### RECORDED DATA
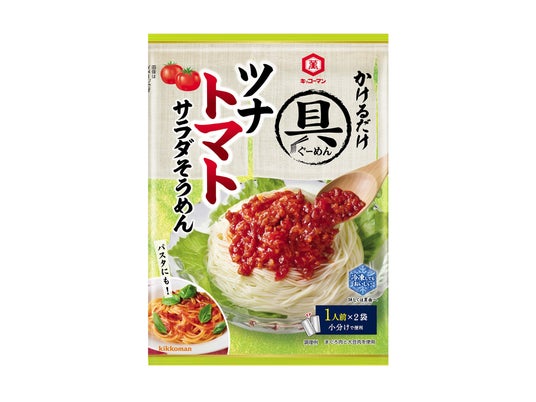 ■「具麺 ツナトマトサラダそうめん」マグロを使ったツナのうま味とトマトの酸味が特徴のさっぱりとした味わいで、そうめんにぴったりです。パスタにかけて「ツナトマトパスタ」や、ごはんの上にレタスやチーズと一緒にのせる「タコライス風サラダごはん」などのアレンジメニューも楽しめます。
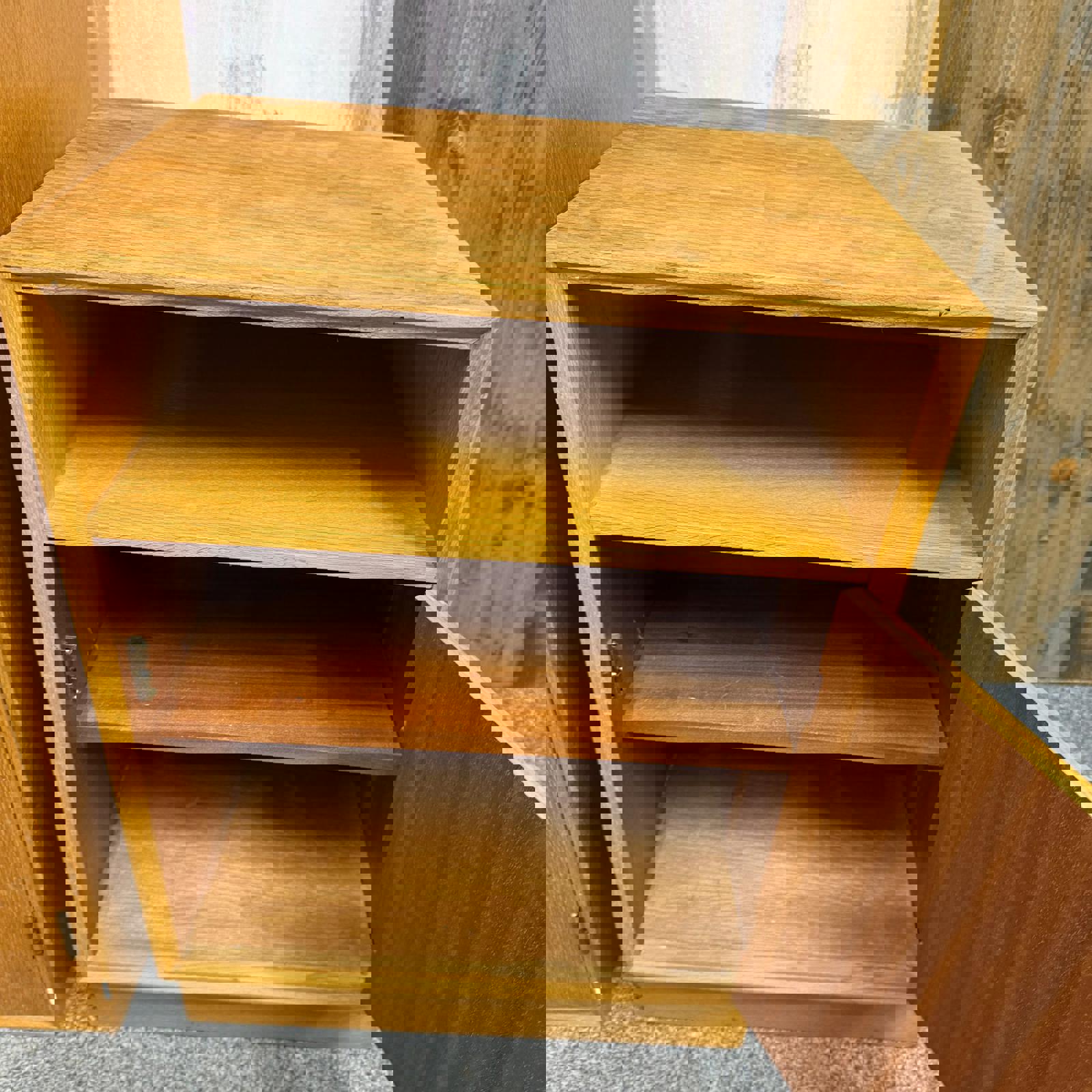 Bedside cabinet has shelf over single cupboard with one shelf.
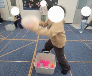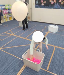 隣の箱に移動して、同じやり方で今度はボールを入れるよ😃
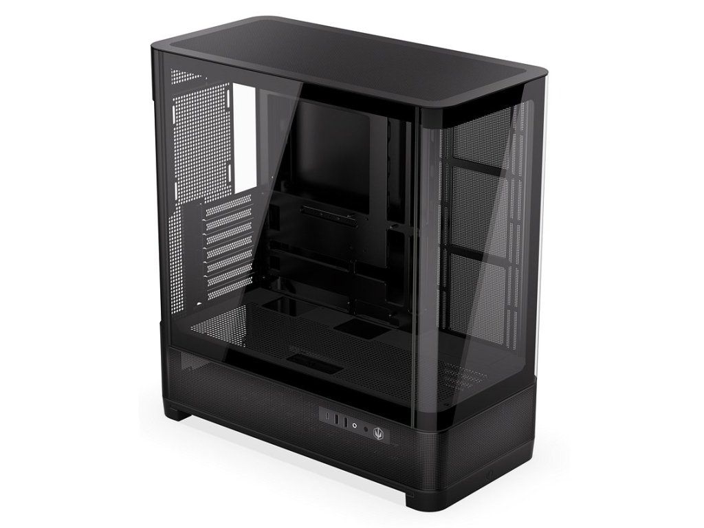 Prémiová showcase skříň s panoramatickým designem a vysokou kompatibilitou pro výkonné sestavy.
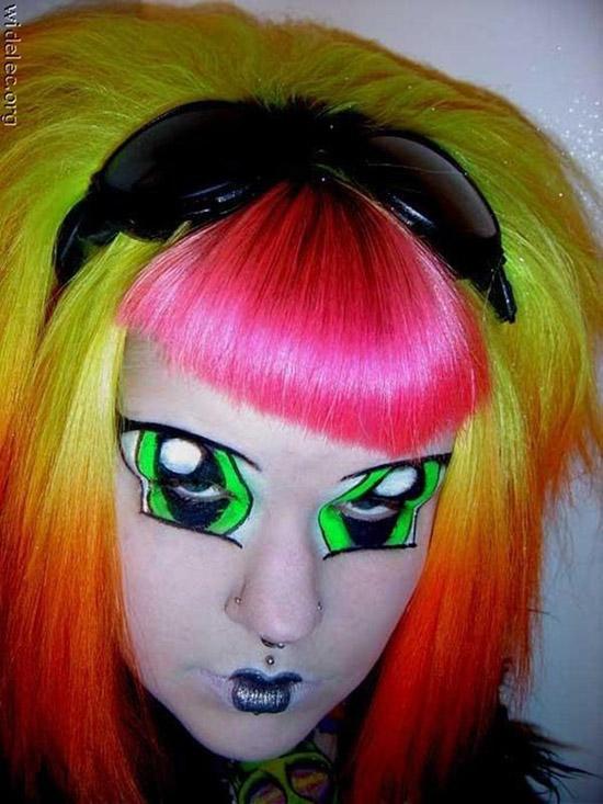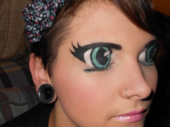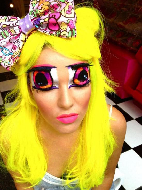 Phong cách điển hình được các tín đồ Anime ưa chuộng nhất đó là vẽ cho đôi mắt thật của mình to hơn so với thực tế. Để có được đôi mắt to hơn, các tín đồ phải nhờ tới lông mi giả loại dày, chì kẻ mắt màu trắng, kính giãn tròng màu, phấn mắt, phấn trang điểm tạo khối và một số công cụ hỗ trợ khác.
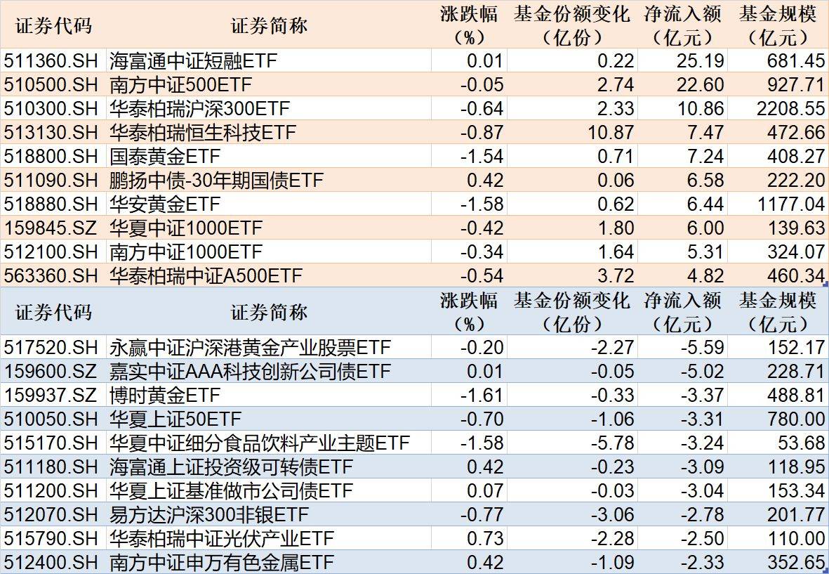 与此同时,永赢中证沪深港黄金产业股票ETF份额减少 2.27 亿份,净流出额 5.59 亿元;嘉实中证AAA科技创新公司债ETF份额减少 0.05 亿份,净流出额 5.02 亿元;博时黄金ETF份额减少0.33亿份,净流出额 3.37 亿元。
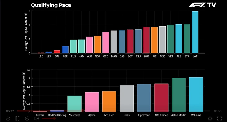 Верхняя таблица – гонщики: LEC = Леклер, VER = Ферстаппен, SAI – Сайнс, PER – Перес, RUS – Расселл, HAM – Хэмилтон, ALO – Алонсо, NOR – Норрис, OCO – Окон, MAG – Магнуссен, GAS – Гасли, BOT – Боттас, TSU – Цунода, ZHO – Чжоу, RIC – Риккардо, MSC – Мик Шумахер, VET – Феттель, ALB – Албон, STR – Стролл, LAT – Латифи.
--
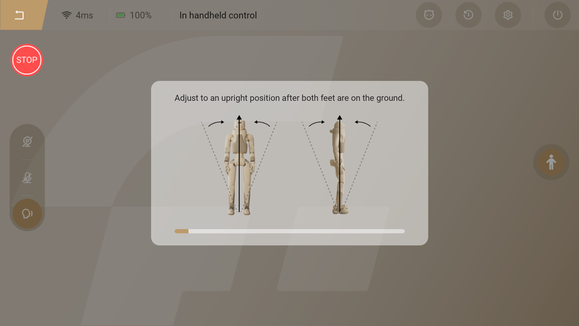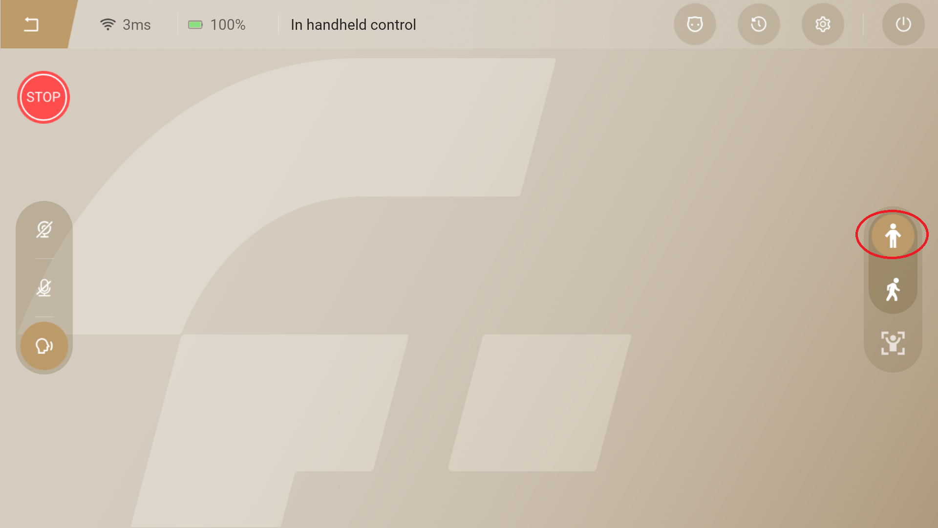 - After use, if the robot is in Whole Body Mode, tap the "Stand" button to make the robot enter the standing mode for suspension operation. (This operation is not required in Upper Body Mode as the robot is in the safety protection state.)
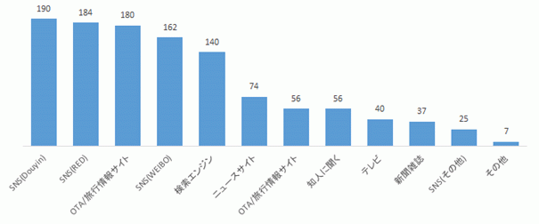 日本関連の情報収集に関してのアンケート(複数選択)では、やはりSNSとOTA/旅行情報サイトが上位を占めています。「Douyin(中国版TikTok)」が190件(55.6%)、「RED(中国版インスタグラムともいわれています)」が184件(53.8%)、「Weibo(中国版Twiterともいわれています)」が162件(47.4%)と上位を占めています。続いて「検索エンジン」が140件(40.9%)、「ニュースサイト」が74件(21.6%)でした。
* * *
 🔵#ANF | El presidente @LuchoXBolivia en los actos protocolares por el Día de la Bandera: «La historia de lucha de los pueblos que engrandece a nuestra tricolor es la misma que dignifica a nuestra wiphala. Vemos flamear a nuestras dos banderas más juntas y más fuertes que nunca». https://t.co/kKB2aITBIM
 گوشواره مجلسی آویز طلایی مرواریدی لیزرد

### PROBLEM REQUIREMENTS
Output only the stretch above from the line with "与此同时,永赢中证沪深港黄金产业股票ETF份额减少 2.27 亿份,净流出额" through the line with "Верхняя таблица –", reproduced exactly. Exclude pictures.

### EXERCISE ANSWER
 与此同时,永赢中证沪深港黄金产业股票ETF份额减少 2.27 亿份,净流出额 5.59 亿元;嘉实中证AAA科技创新公司债ETF份额减少 0.05 亿份,净流出额 5.02 亿元;博时黄金ETF份额减少0.33亿份,净流出额 3.37 亿元。
 Верхняя таблица – гонщики: LEC = Леклер, VER = Ферстаппен, SAI – Сайнс, PER – Перес, RUS – Расселл, HAM – Хэмилтон, ALO – Алонсо, NOR – Норрис, OCO – Окон, MAG – Магнуссен, GAS – Гасли, BOT – Боттас, TSU – Цунода, ZHO – Чжоу, RIC – Риккардо, MSC – Мик Шумахер, VET – Феттель, ALB – Албон, STR – Стролл, LAT – Латифи.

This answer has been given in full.